What Women Are Good For
Written by Jessica Silbey
This past semester, while teaching constitutional law, a student (also a male US Marine) asked if I would be interested in hosting a panel with some female marines (his colleagues) to discuss the combat exclusion for women. Of course, I said yes. It was a fantastic panel. Two women — very different in their experience in the military and in life — with very similar perspectives on the combat exclusion: it sucks. When faced with the “reasons” for the exclusion, the only one that rang true for these women was that the male marines would be derelict in their duty of fighting smartly and protecting wisely because they would be preoccupied with protecting the women marines. So, we summarized, women are excluded from full service to their country (what I consider a stigma symbolizing less than full citizenship) because of men’s shortcomings.
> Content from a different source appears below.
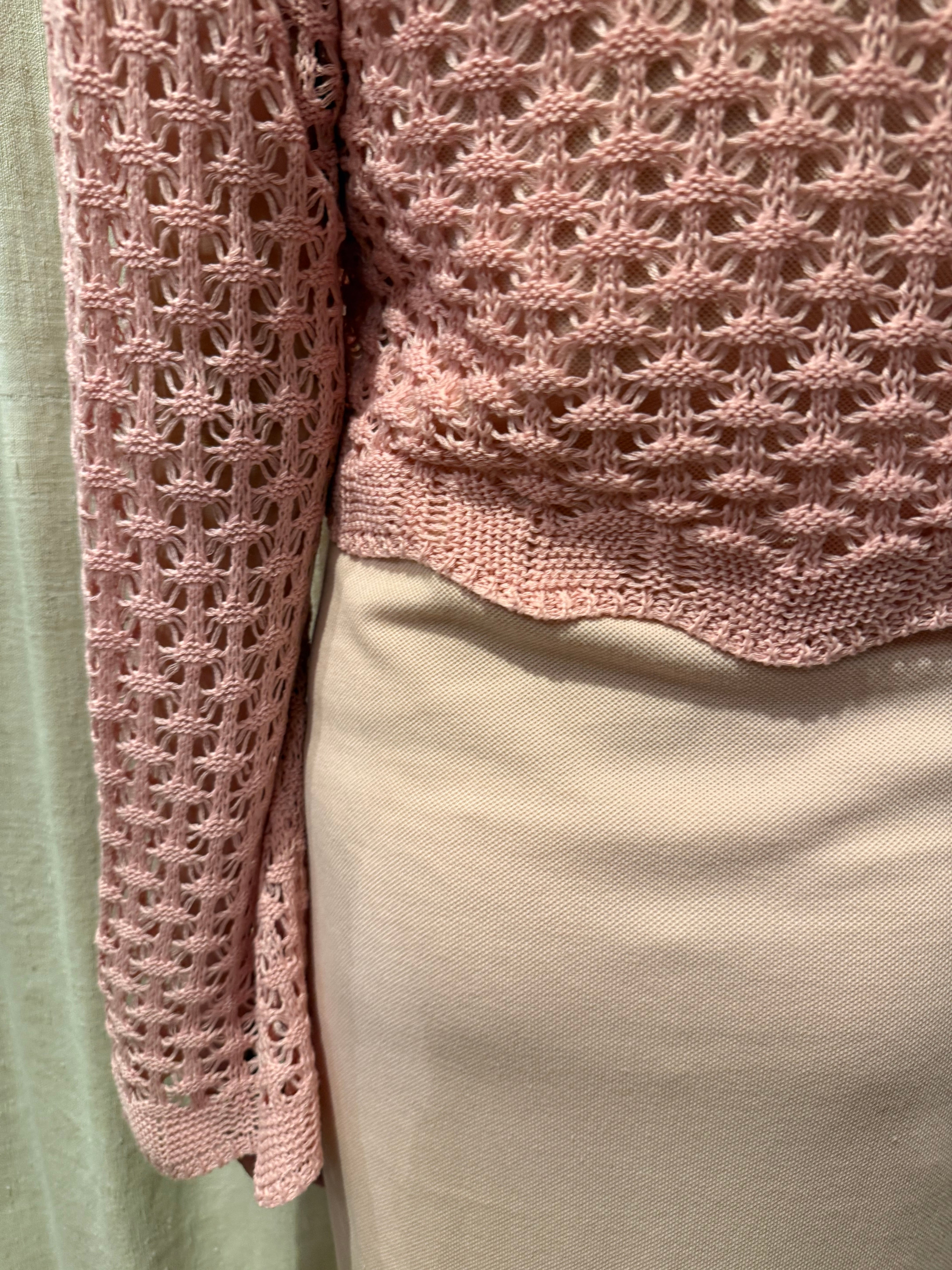 ベビーピンクの様なカラーが可愛らしいカーディガン。荒めの編み目でインナーや素肌が透ける感じが◎袖にかけて広がっていて裾やリブ部分が波打つ様な編み方になっています。胸のリボンも紐が二重になっているのもポイントです。

These female US marines regularly put their lives on the line and devote their professional lives to elite service in the US armed forces. They are subject to nearly the same rigorous training (and I would question the differences in their training, mostly differences in physical requirements, as differences that make distinctions where none are necessary). It is nonetheless segregated. Only the marines segregate their training by sex. Why? Women are willing and able to serve in combat positions, but they are nonetheless excluded because of men’s failings of concentration. This is manifestly unjust.
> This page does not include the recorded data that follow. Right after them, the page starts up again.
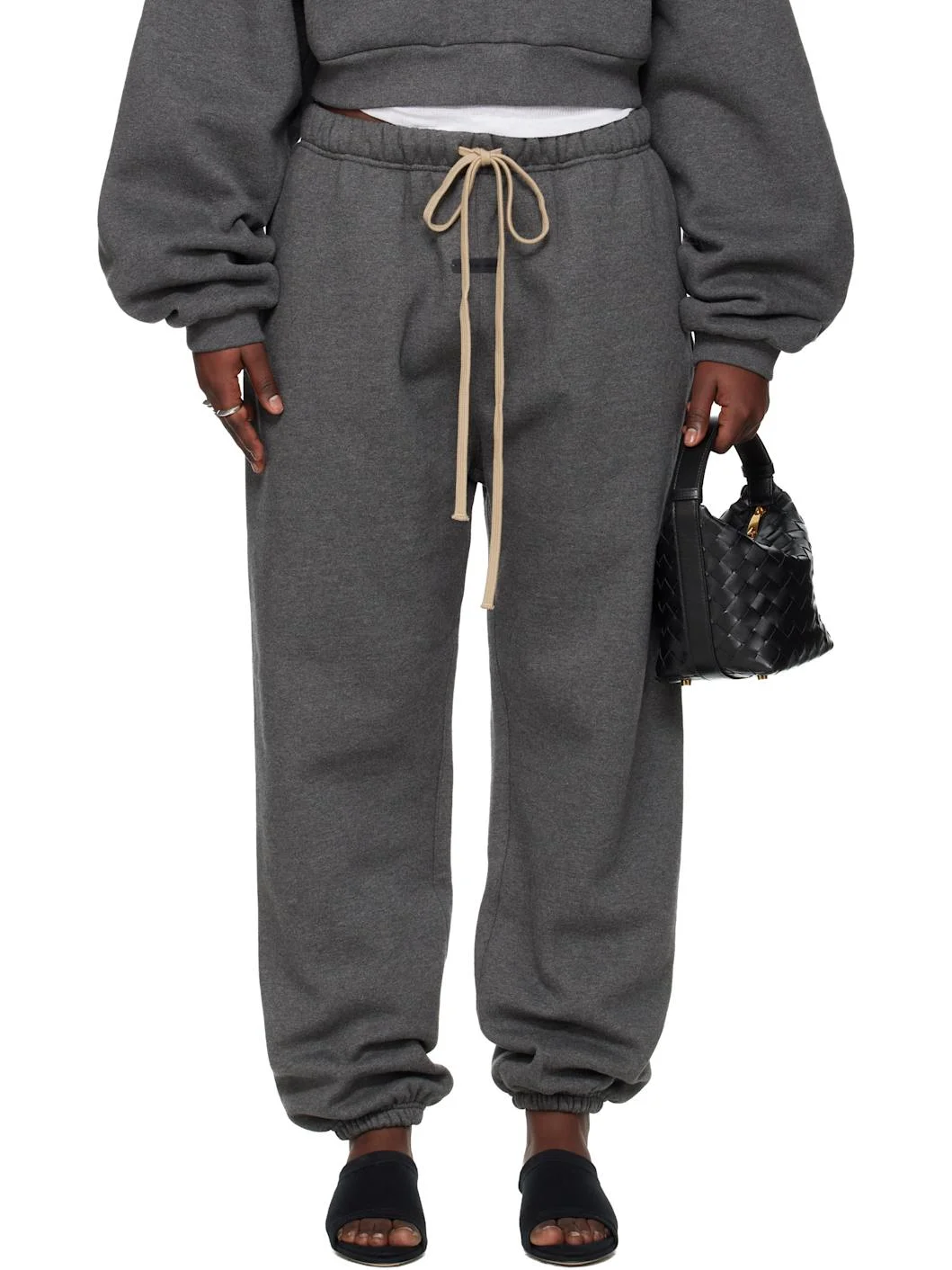 Cotton-blend fleece lounge pants. · Drawstring at elasticized waistband · Two-pocket styling · Rubber logo patch at front · Elasticized cuffs Part of the Fear of God ESSENTIALS Holiday collection. Supplier color: Charcoal heather 80% cotton, 20% polyester. Made in Viet Nam 261161F086010
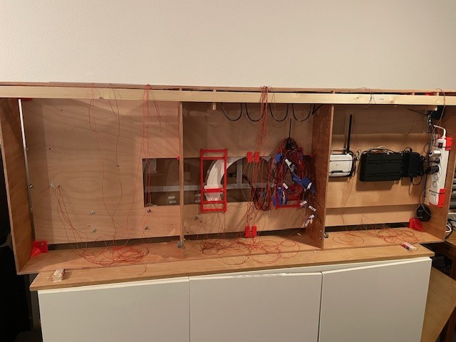 de bedrading van de onderkant in wording.Detail van de kabelboom die van de “begane grond” komt en die nog moet worden aangesloten op de bedienende elementen.
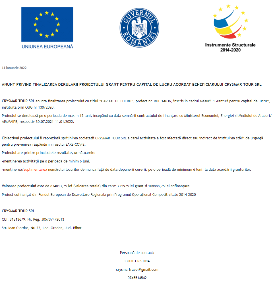 Anunț privind finalizarea derulării proiectului Grant pentru capital de lucru acordat beneficiarului CRYSMAR TOUR SRL Anunț privind finalizarea derulării proiectului Grant pentru capital de lucru acordat beneficiarului PROD COM CLAS SRL Anunț privind finalizarea derulării proiectului Grant pentru capital de lucru acordat beneficiarului PELLA-THEO SRL Anunț privind finalizarea derulării proiectului Grant pentru capital de lucru acordat beneficiarului MAMIAPREST SRL Anunț privind finalizarea derulării proiectului Grant pentru capital de lucru acordat beneficiarului VISUAL DESIGN STUDIO SRL Anunț privind începerea derulării proiectului Grant pentru capital de lucru acordat beneficiarului ORIGINAL TRADITION SRL Anunț privind finalizarea derulării proiectului Grant pentru capital de lucru acordat beneficiarului MINITEHNICUS SRL Anunț privind finalizarea derulării proiectului Grant pentru capital de lucru acordat beneficiarului EUCOM AGILE LEARNING SRL Anunț privind finalizarea derulării proiectului Grant pentru capital de lucru acordat beneficiarului BASAROM PRODCOM SRL Pagina 207 din 215«Prima pagină‹Anterioară198199200201202203204205206207208209210211212213214215‹Următoare Publică Anunţ
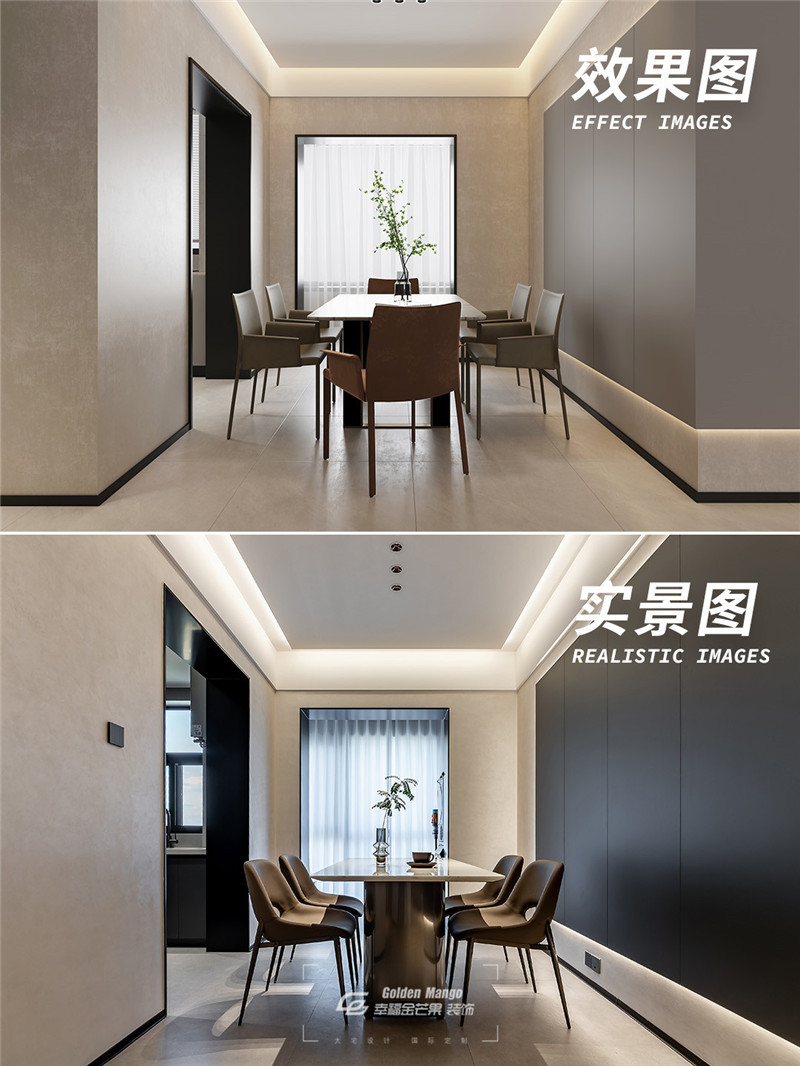 移至餐廳區域,竟一時分不清哪個是效果圖、哪個是實景圖,這還原度簡直沒話說。背后是看得見的幸福金芒果“還原力”,這是幸福金芒果品質的標準答案,一直以來從未改變。業主眉眼間的那一抹弧度,就是幸福金芒果深耕的幸福。
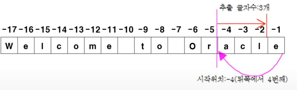 | 예 | SELECT SUBSTR('Welcome to Oracle', -4, 3) FROM DUAL; |

This article in the New York Times brought it home to me. How are women being strategically used in the marine units? To infiltrate and ingratiate themselves with the female women of Afghanistan. This makes a lot of sense given the culture war we are fighting (as well as a military one). But read the article closely.
What are women doing? Handing out teddy bears, holding babies, giggling about “girl things.” I don’t deny that we can play up the gender divide to our own advantage and for world peace. But we must be careful how far we go to instantiate “differences” that may lead to later and entrenched injustices that keep women under men in one society after another.
My daughter was looking at a book mark with images of all the US presidents, from Washington to Obama. She remarked, “Mom, there are no women here. Isn’t that strange?” If only it were so strange, my sweet, if only it were so strange.
On the eve of abolishing “Don’t Ask, Don’t Tell” in the US Armed Services, it is also time to abolish the combat exclusion for women. That is likely another decade coming. Tell me why. Tell the women who are denied professional advancement because their jobs in the marines are not as “worthy” because they are denied full access because their male colleagues cannot handle their presence. Tell the female US marines who serve and die whether or not “in combat.”